ACTIVITY
Transcribe the entries that follow exactly as they appear, minus pictures.
+++++
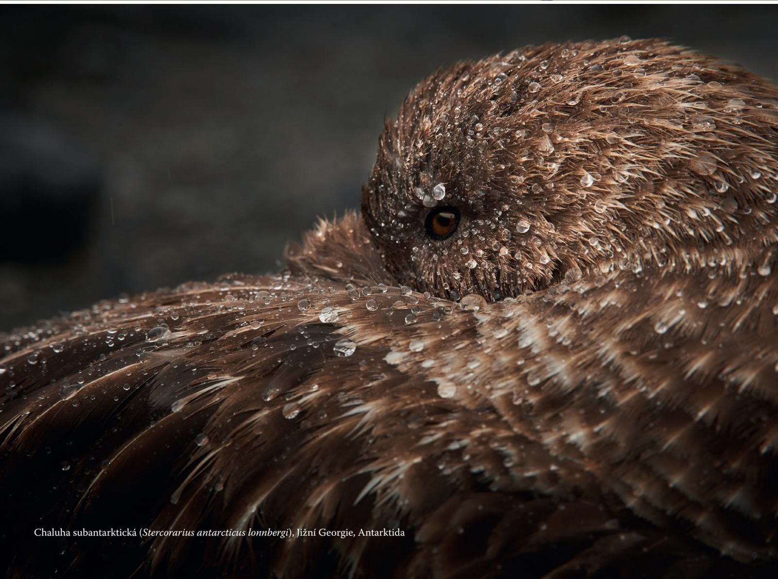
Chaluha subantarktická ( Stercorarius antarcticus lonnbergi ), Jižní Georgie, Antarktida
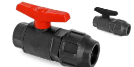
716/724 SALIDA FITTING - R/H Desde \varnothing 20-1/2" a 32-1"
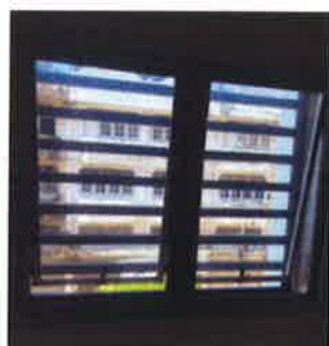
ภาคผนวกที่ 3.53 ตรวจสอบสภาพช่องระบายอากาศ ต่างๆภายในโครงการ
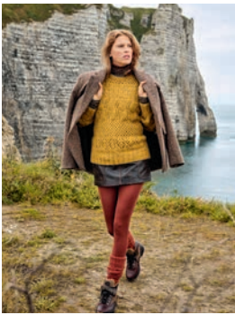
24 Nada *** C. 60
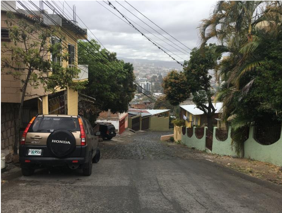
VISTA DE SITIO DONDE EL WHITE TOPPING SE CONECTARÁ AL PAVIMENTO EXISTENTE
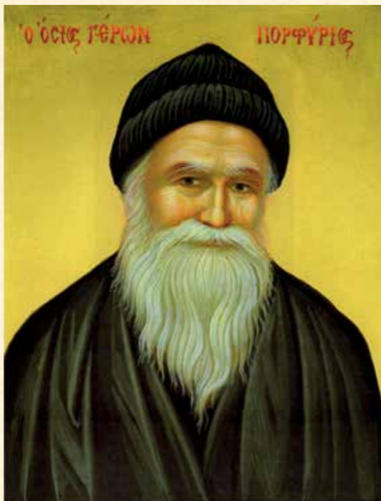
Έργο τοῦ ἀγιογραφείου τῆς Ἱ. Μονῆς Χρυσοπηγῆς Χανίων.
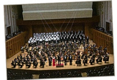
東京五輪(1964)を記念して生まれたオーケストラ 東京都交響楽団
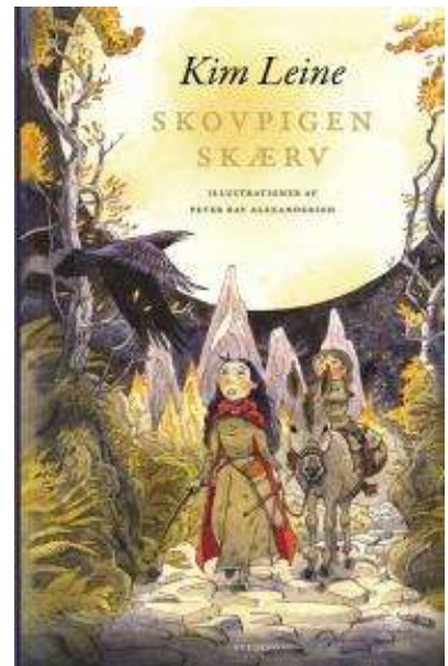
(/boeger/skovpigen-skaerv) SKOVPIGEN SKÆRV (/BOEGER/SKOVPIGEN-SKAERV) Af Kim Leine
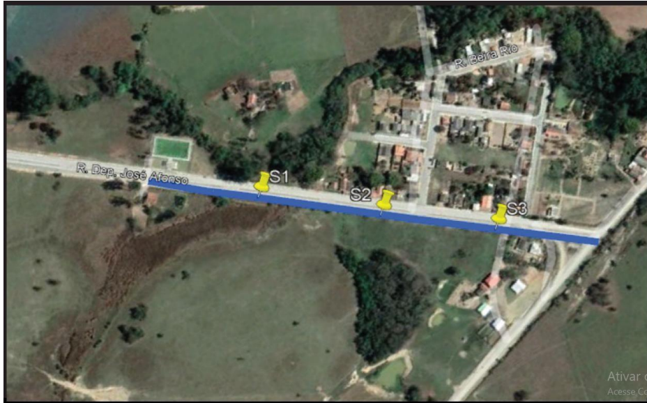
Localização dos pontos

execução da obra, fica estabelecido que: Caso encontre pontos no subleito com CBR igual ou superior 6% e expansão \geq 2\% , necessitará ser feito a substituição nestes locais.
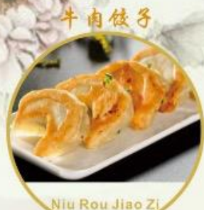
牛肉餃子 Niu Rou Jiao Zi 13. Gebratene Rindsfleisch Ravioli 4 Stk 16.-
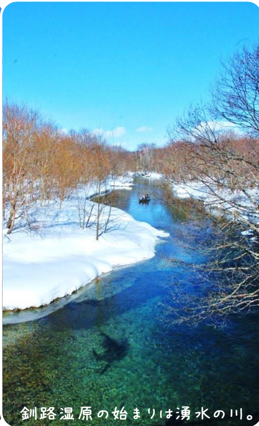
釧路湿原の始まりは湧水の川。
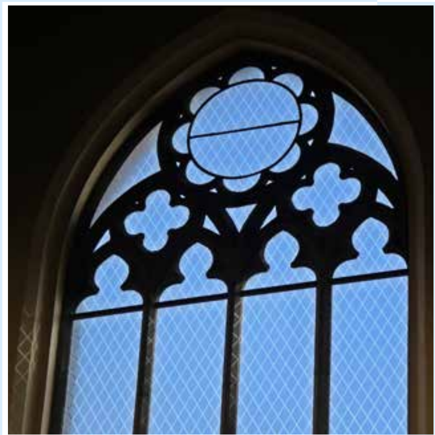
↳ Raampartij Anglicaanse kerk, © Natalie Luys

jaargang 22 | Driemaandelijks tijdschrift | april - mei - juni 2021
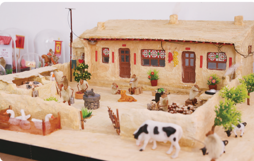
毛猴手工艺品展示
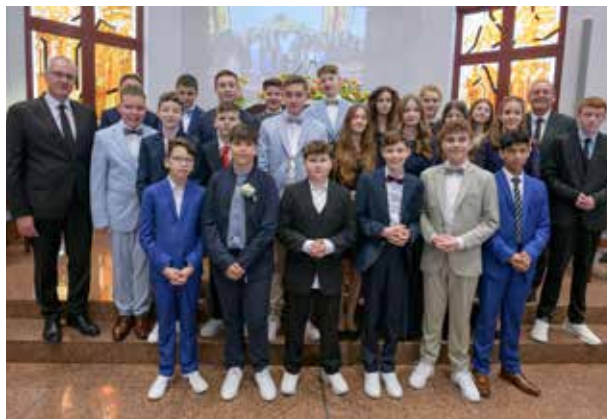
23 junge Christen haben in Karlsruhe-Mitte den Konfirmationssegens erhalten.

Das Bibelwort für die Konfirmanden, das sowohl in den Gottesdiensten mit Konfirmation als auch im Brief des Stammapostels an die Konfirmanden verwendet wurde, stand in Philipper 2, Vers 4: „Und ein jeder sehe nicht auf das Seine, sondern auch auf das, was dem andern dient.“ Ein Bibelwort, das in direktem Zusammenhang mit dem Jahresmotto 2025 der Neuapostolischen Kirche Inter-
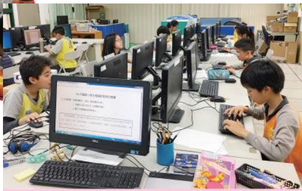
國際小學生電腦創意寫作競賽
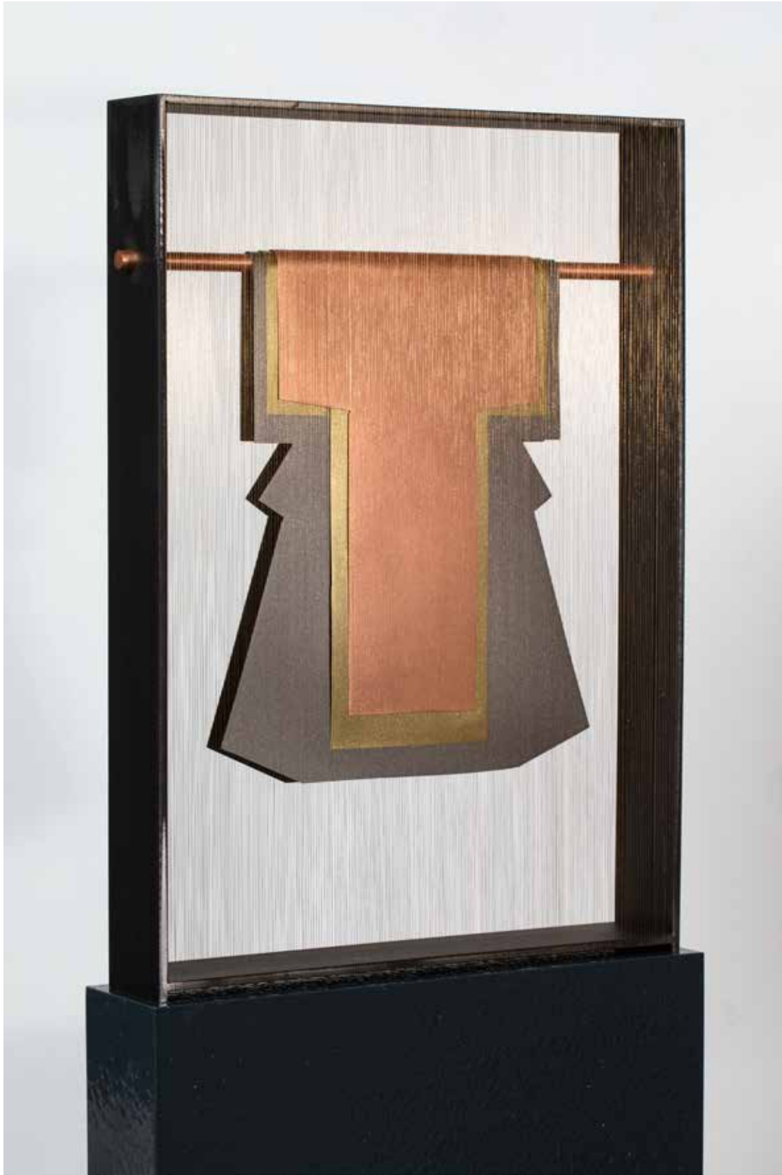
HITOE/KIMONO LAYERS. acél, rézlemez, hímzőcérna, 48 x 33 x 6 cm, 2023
+++++
SOLUTION FOR THIS PROBLEM
Chaluha subantarktická ( Stercorarius antarcticus lonnbergi ), Jižní Georgie, Antarktida
716/724 SALIDA FITTING - R/H Desde \varnothing 20-1/2" a 32-1"
ภาคผนวกที่ 3.53 ตรวจสอบสภาพช่องระบายอากาศ ต่างๆภายในโครงการ
24 Nada *** C. 60
VISTA DE SITIO DONDE EL WHITE TOPPING SE CONECTARÁ AL PAVIMENTO EXISTENTE
Έργο τοῦ ἀγιογραφείου τῆς Ἱ. Μονῆς Χρυσοπηγῆς Χανίων.
東京五輪(1964)を記念して生まれたオーケストラ 東京都交響楽団
(/boeger/skovpigen-skaerv) SKOVPIGEN SKÆRV (/BOEGER/SKOVPIGEN-SKAERV) Af Kim Leine
Localização dos pontos

execução da obra, fica estabelecido que: Caso encontre pontos no subleito com CBR igual ou superior 6% e expansão \geq 2\% , necessitará ser feito a substituição nestes locais.
牛肉餃子 Niu Rou Jiao Zi 13. Gebratene Rindsfleisch Ravioli 4 Stk 16.-
釧路湿原の始まりは湧水の川。
↳ Raampartij Anglicaanse kerk, © Natalie Luys

jaargang 22 | Driemaandelijks tijdschrift | april - mei - juni 2021
毛猴手工艺品展示
23 junge Christen haben in Karlsruhe-Mitte den Konfirmationssegens erhalten.

Das Bibelwort für die Konfirmanden, das sowohl in den Gottesdiensten mit Konfirmation als auch im Brief des Stammapostels an die Konfirmanden verwendet wurde, stand in Philipper 2, Vers 4: „Und ein jeder sehe nicht auf das Seine, sondern auch auf das, was dem andern dient.“ Ein Bibelwort, das in direktem Zusammenhang mit dem Jahresmotto 2025 der Neuapostolischen Kirche Inter-
國際小學生電腦創意寫作競賽
HITOE/KIMONO LAYERS. acél, rézlemez, hímzőcérna, 48 x 33 x 6 cm, 2023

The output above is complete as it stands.